# Loading wikipedia bios

## loading raw identities

In [1]:
import pandas as pd
from ast import literal_eval


df = pd.read_csv('FinalDataFrame5.csv')
df.identities = df.identities.apply(literal_eval)
bios = list(df['identities'])

bios[:5]

In [None]:
# The rest is similar to twitter bios approach

# Loading twitter bios

## load all raw data

In [1]:
import pickle
with open('/user/smadani/navid/data/pis2020.pkl', 'rb') as f:
    bios = pickle.load(f)
    
bios[100:110]

## PI frequency and top PIs

In [40]:
from collections import Counter
cntr = Counter()

for bio in bios:
    cntr.update(bio)

print(len(bios))

In [41]:
import numpy as np

freqs = list(cntr.values())
print(f"percentile freq: {np.percentile(freqs, 99)} mean freq: {np.mean(freqs)}")

In [42]:
most_frequent_pis = {k:v for k,v in cntr.items() if v > 500}
len(most_frequent_pis)

In [43]:
import pandas as pd

df = pd.DataFrame({'pi': list(most_frequent_pis.keys()), 'cnt': list(most_frequent_pis.values())})
df = df.sort_values(by=['cnt'], ascending=False)

In [44]:
df.to_csv('twitter_most_frequent_pis.csv', index=False, header=True)

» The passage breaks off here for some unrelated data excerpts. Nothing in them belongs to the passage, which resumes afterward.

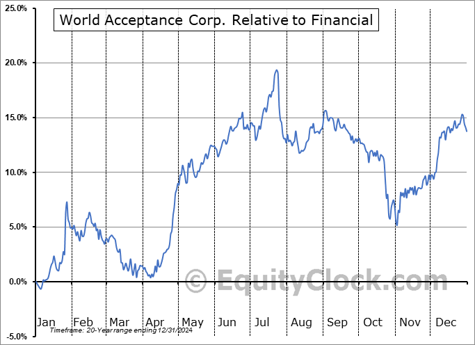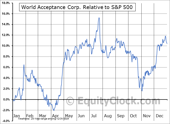 Analysis of the World Acceptance Corp. (NASD:WRLD) seasonal charts above shows that a Buy Date of April 8 and a Sell Date of August 19 has resulted in a geometric average return of 4.93% above the benchmark rate of the S&P 500 Total Return Index over the past 20 years. This seasonal timeframe has shown positive results compared to the benchmark in 16 of those periods. This is a very good rate of success and the return strongly outperforms the relative buy-and-hold performance of the stock over the past 20 years by an average of 7.51% per year.
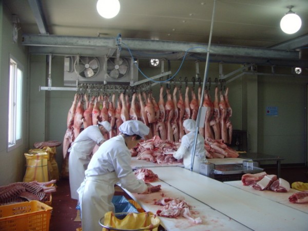 지육을 발골 및 포장하는 모습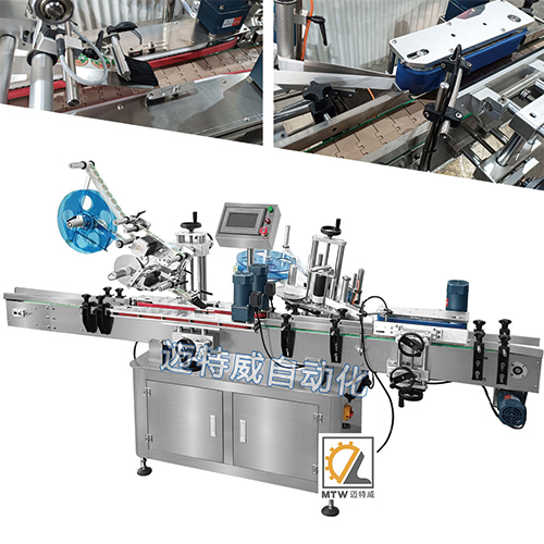 SL-DR全自動錐形瓶上平面+側面貼標機為特制機器,共有兩個貼標頭:一個貼標頭在頂部,另一個貼標頭在側面,它可以給瓶子、罐子貼上2張標簽,一張貼在頂部,另一張貼在側面??蓪崿F頂標和側標的定位貼標。

### most frequent neighbors

In [45]:
from tqdm import tqdm
neighbor_cnt = {}

for bio in tqdm(bios):
    for pi in bio:
        if pi in most_frequent_pis:
            if pi not in neighbor_cnt:
                neighbor_cnt[pi] = Counter()
                
            rest = [b for b in bio if b!=pi and b in most_frequent_pis]
            neighbor_cnt[pi].update(rest)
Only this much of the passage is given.